**REQUIREMENT**
The answer is the first line of the listing and every line after it through the one containing "2025년 제27회 고양특례시장기", exact, with pictures removed.

——

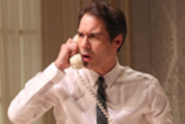 NEW YORK - I was on Broadway when I suddenly walked right into Center City Philadelphia. It was weird - a big banner on the stage of the Gerald Schoenfeld Theatre announced "PHILADELPHIA WELCOMES DELEGATES" and other signs told us we were at a 1960 presidential nominating convention. When the show started, Derek McLane's nifty set with rotating walls spun out to reveal a room in the Bellevue Stratford Hotel, which looked like the real thing from five decades back, down to the moldings.
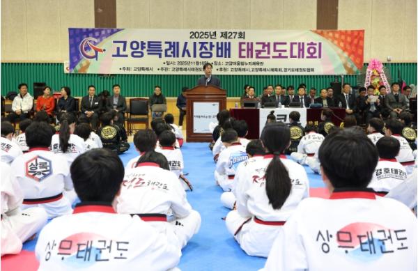2025년 제27회 고양특례시장기 태권도대회가 16일 고양어울림누리 체육관에서 개최됐다. 이동환 고양특례시장은 “갈고닦은 실력과 기량을 유감없이 발휘해 후회 없는 경기를 펼쳐주길”이라고 말했다.
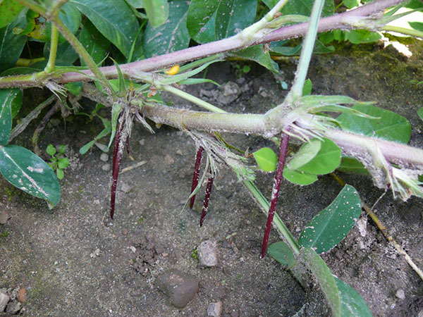 Цветоносите излизат от пазвите на листата, носят 4-7 цветя от типа молец, което е характерно за бобовите растения, които включват фъстъци. Венчелистчетата са белезникави или наситено жълти. Фъстъченото цвете цъфти само за един ден. Ако се получи опрашване, яйчниците на боб започват да се образуват. В същото време расте гинофор, област на съда, и когато клонката се наклони, той расте в земята, издърпвайки заедно със себе си миниатюрния яйчник на боб на дълбочина 8-9 см. Схематични снимки показват как расте фъстъците. Един храст може да даде до 40 и повече зърна.
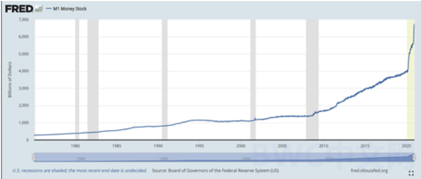 按照过去六年的下跌速度,美元的份额下降到50%可能需要十年时间,不过,可能这个时间会照此提前,因为仅2020年一年间,美联储就开启了空前的美元印钞机模式,已超过以往任何一个时期。如下图:显示了M1的绝对值增长方式。
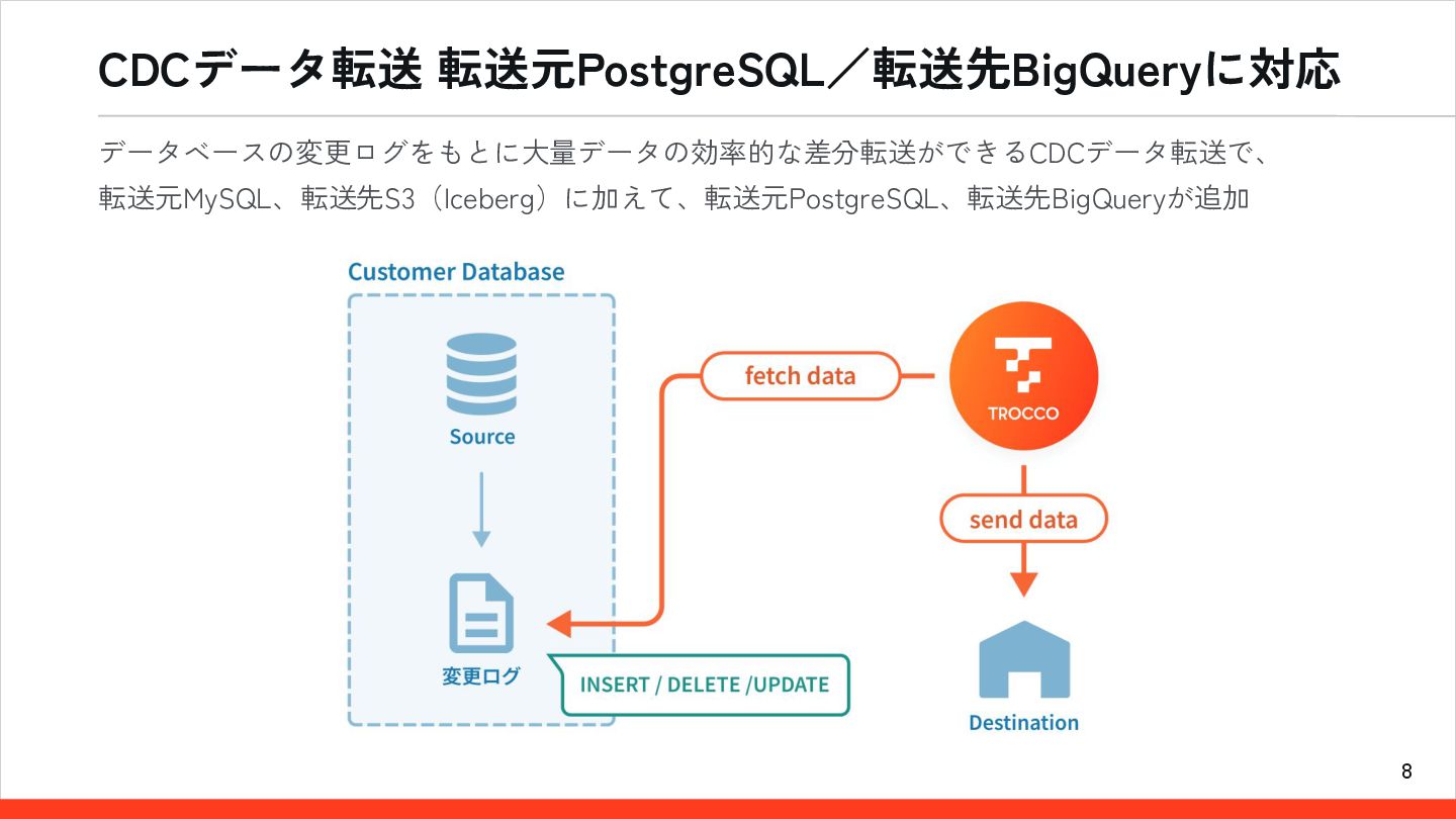 8 CDCデータ転送 転送元PostgreSQL/転送先BigQueryに対応 データベースの変更ログをもとに大量データの効率的な差分転送ができるCDCデータ転送で、 転送元MySQL、転送先S3(Iceberg)に加えて、転送元PostgreSQL、転送先BigQueryが追加
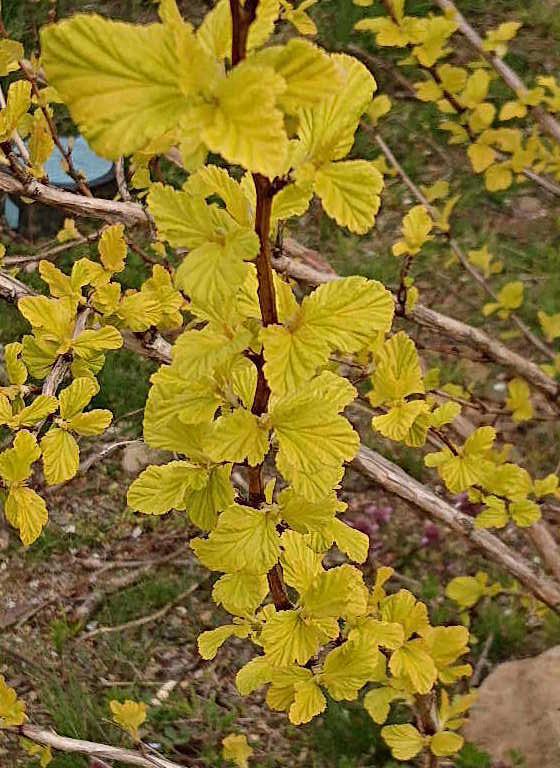 ●春の花のような黄色の花が咲いていると近づいてみるとなんと花ではなく葉っぱでした 不思議な黄色の葉っぱで調べてみてもなんという木であるかわかりません だれか知っている人はいませんか
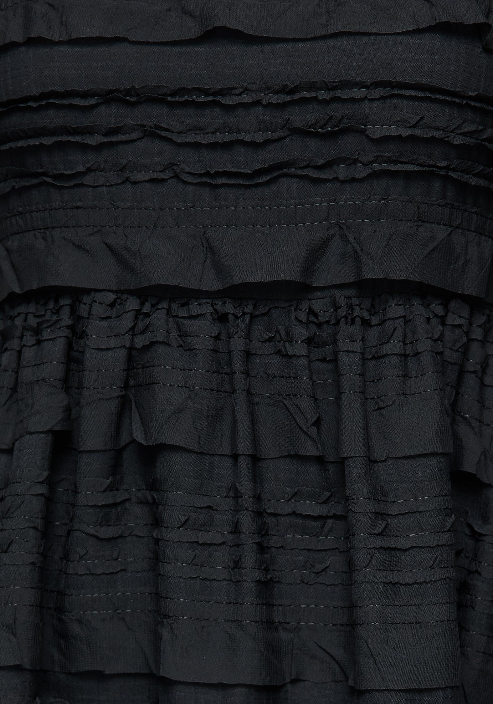 - Sheer mesh fabrication with sewn-on ruffle detail to add dimension
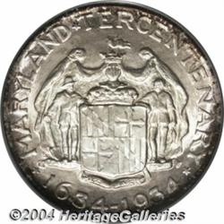 <B>1934<50C> Maryland MS67 PCGS.</B></I> Rose, apricot, and sky-blue hues ensure the originality of this reasonably struck and lovingly preserved Superb Gem. This gently toned and pleasing Commemorative is deserving of the finest specialized cabinet. The crowned arms and the portrait of Cecil Calvert are somewhat similar to the designs on the rare Lord Baltimore colonial pieces. Population: 42 in 67, none finer (6/04).<BR><I>From the JFS Collection, the #1 All-Time PCGS Registry Set.</B></I> <BR><BR><B>Important notice:</B> Heritage usually auctions material at the rate of 200-250 lots per hour. On some occasions eBay Live bid software or the Internet may not be able to keep up with the pace of the auction. We recommend placing a realistic absentee bid now as insurance to avoid disappointment. Occasionally the auctioneer may eliminate or reject an eBay Live bid, and the auctioneer may also reopen a lot after the close of the eBay live bidding (usually because we missed an audience bid), and may reject your bid even if it shows you as the winning bidder. By bidding via eBay Live, you agree that Heritage may award the lot to another bidder at its sole discretion under the circumstances described above or any other reasonable circumstances. Since eBay bids are not shown to us until we open the lot on the floor, we treat those bids just like floor bids. In most cases the floor responds before the eBay bid is presented to us, due to Internet lag time, so for consistency we have made it a policy that floor bids are always considered first over tie eBay live bids. Also please note that all Heritage lots purchased through eBay Live carry a 20% Buyer's Premium. Please make sure you read the Terms and Conditions before you bid. </span></font></tr></table></td></tr></table>
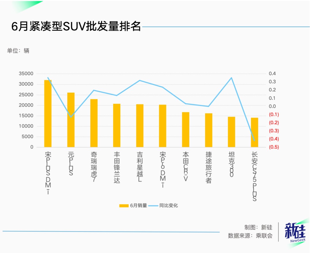 In June, the CR-V sold more than 16,000 units, ranking behind the BYD Song Pro DM-i. Here we are talking about the compact SUV market. If we ignore size, the Model Y, which sold over 40,000 units per month, is truly deserving of the first place.
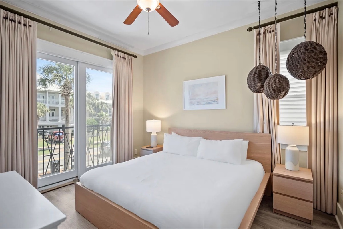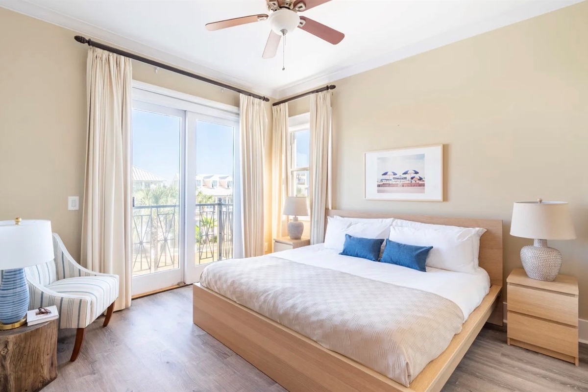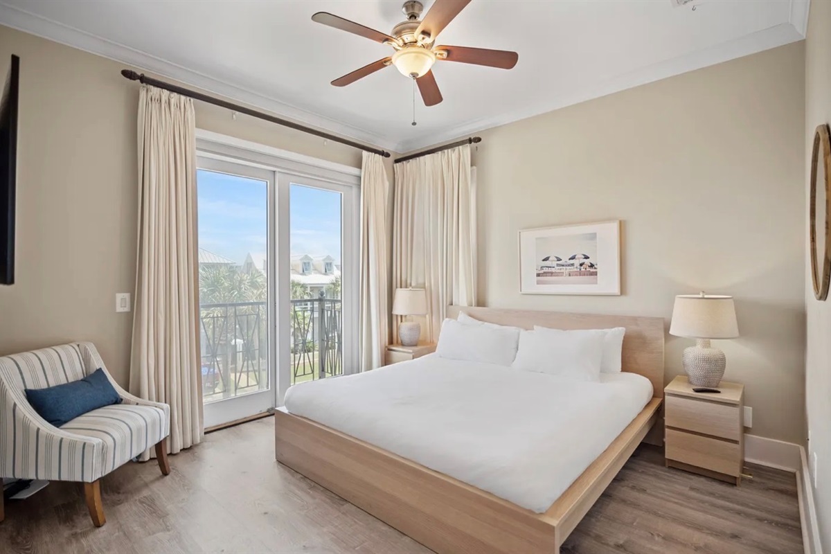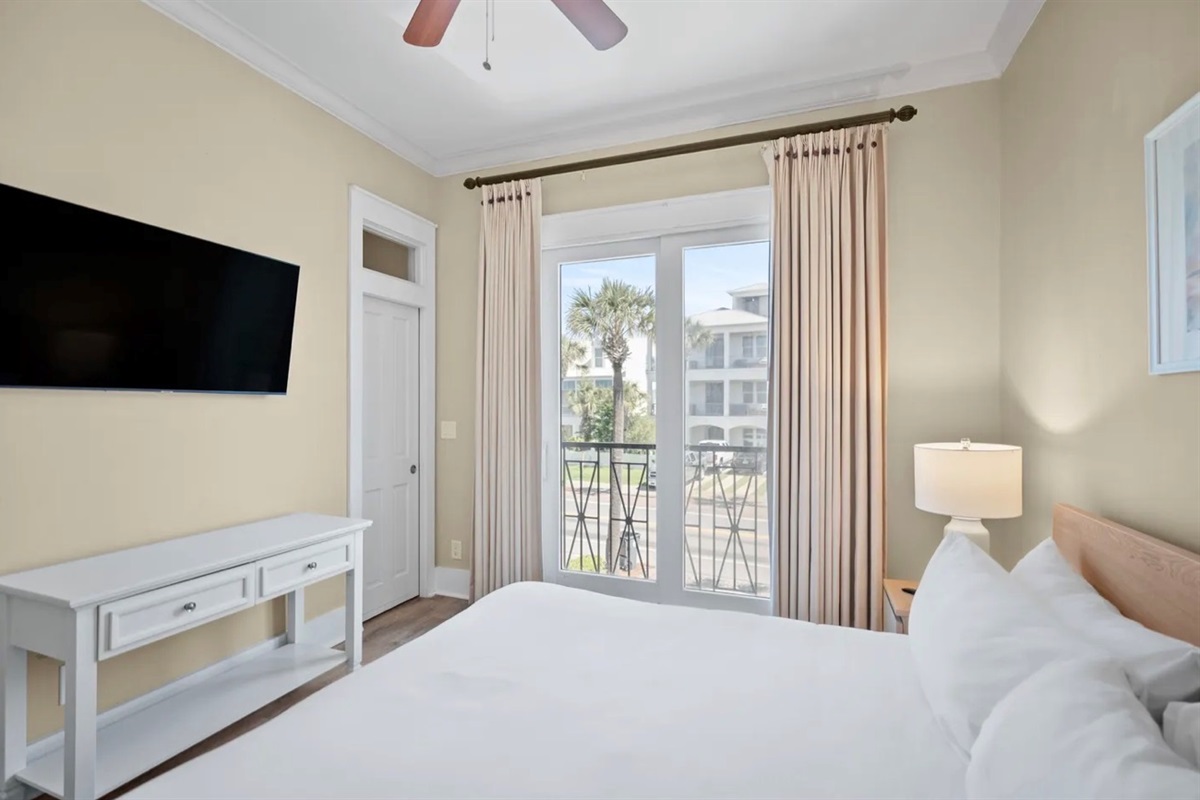 ✹ SECOND FLOOR - Bedroom 3: KING bed, full bathroom in hall with walk in shower, balcony overlooking Frangista Beach neighborhood, Smart TV (Sleeps 2)
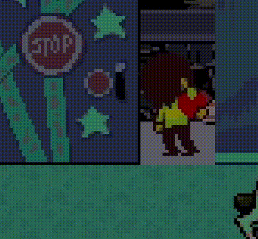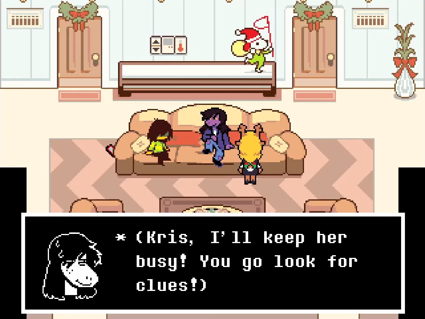 As the comedic conflict between Kris’ desperation and the soul’s fragility plays out in the closet, Noelle patiently recounts the events of her ‘dream,’ or her experiences in Chapter 2’s Cyber World that she’s only convinced were a dream, to Susie, discussing details that Susie hadn’t considered like Ralsei’s resemblance to Asriel (pictured left) and the game-like encounters present throughout the Dark World (pictured right).
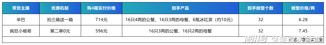 螺旋实验室同时还注意到,去年秋天蟹太太就曾经和疯狂小杨哥合作带货,当时双方主推的产品机制是199元到手8只2.5两的母蟹。
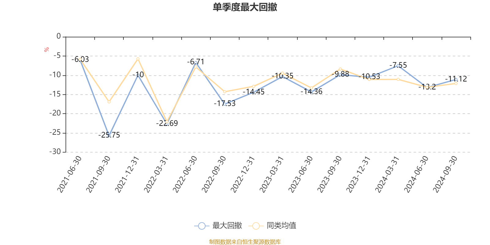 截至10月31日,基金近三年最大回撤为53.4%,同类可比基金排名8/113。其中,单季度最大回撤出现在2021年三季度,为25.75%。
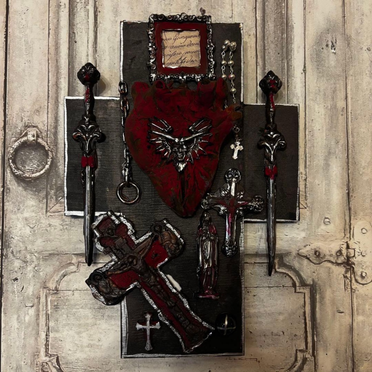 古びた扉のような背景に、年月を経てなお色褪せない信仰と、内に秘めた狂気を表現しています。
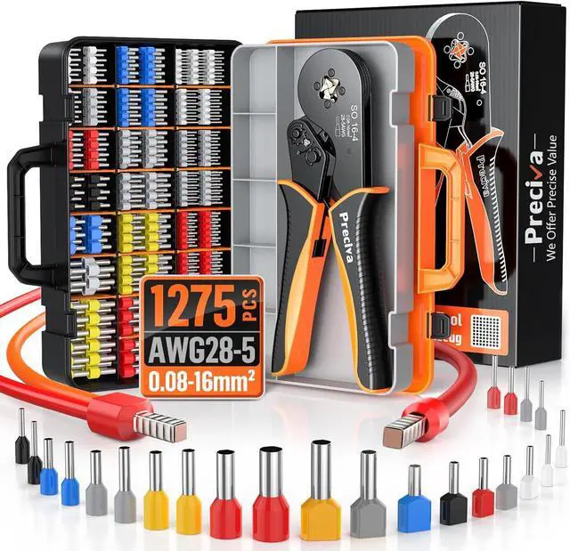 PROFESSIONAL CRIMPING TOOL: The ferrule kit includes crimping pliers AWG 28-5 ( 0.08 -16mm²), 1010Pcs single ferrule connectors (Two lengths), 265Pcs twin ferrule connectors and a double-layer portable storage box for easy carrying and organization.
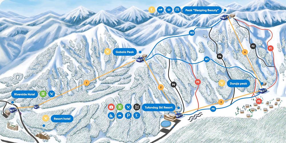 Tufandag Mountain Resort in Azerbaijan is a 4.6-star rated ski resort located in the Qabala District. It offers 12.3 km of slopes for skiing and snowboarding, with 4 lifts transporting visitors to the top. The resort is situated near the village of Duruja and features a summer-winter recreation complex, hotels, a spa, and leisure activities. Tufandag Mountain Resort is known for its unique slopes and scenic views, making it a popular destination for adventure-seekers and nature lovers.

——

**RESULT**
 NEW YORK - I was on Broadway when I suddenly walked right into Center City Philadelphia. It was weird - a big banner on the stage of the Gerald Schoenfeld Theatre announced "PHILADELPHIA WELCOMES DELEGATES" and other signs told us we were at a 1960 presidential nominating convention. When the show started, Derek McLane's nifty set with rotating walls spun out to reveal a room in the Bellevue Stratford Hotel, which looked like the real thing from five decades back, down to the moldings.
2025년 제27회 고양특례시장기 태권도대회가 16일 고양어울림누리 체육관에서 개최됐다. 이동환 고양특례시장은 “갈고닦은 실력과 기량을 유감없이 발휘해 후회 없는 경기를 펼쳐주길”이라고 말했다.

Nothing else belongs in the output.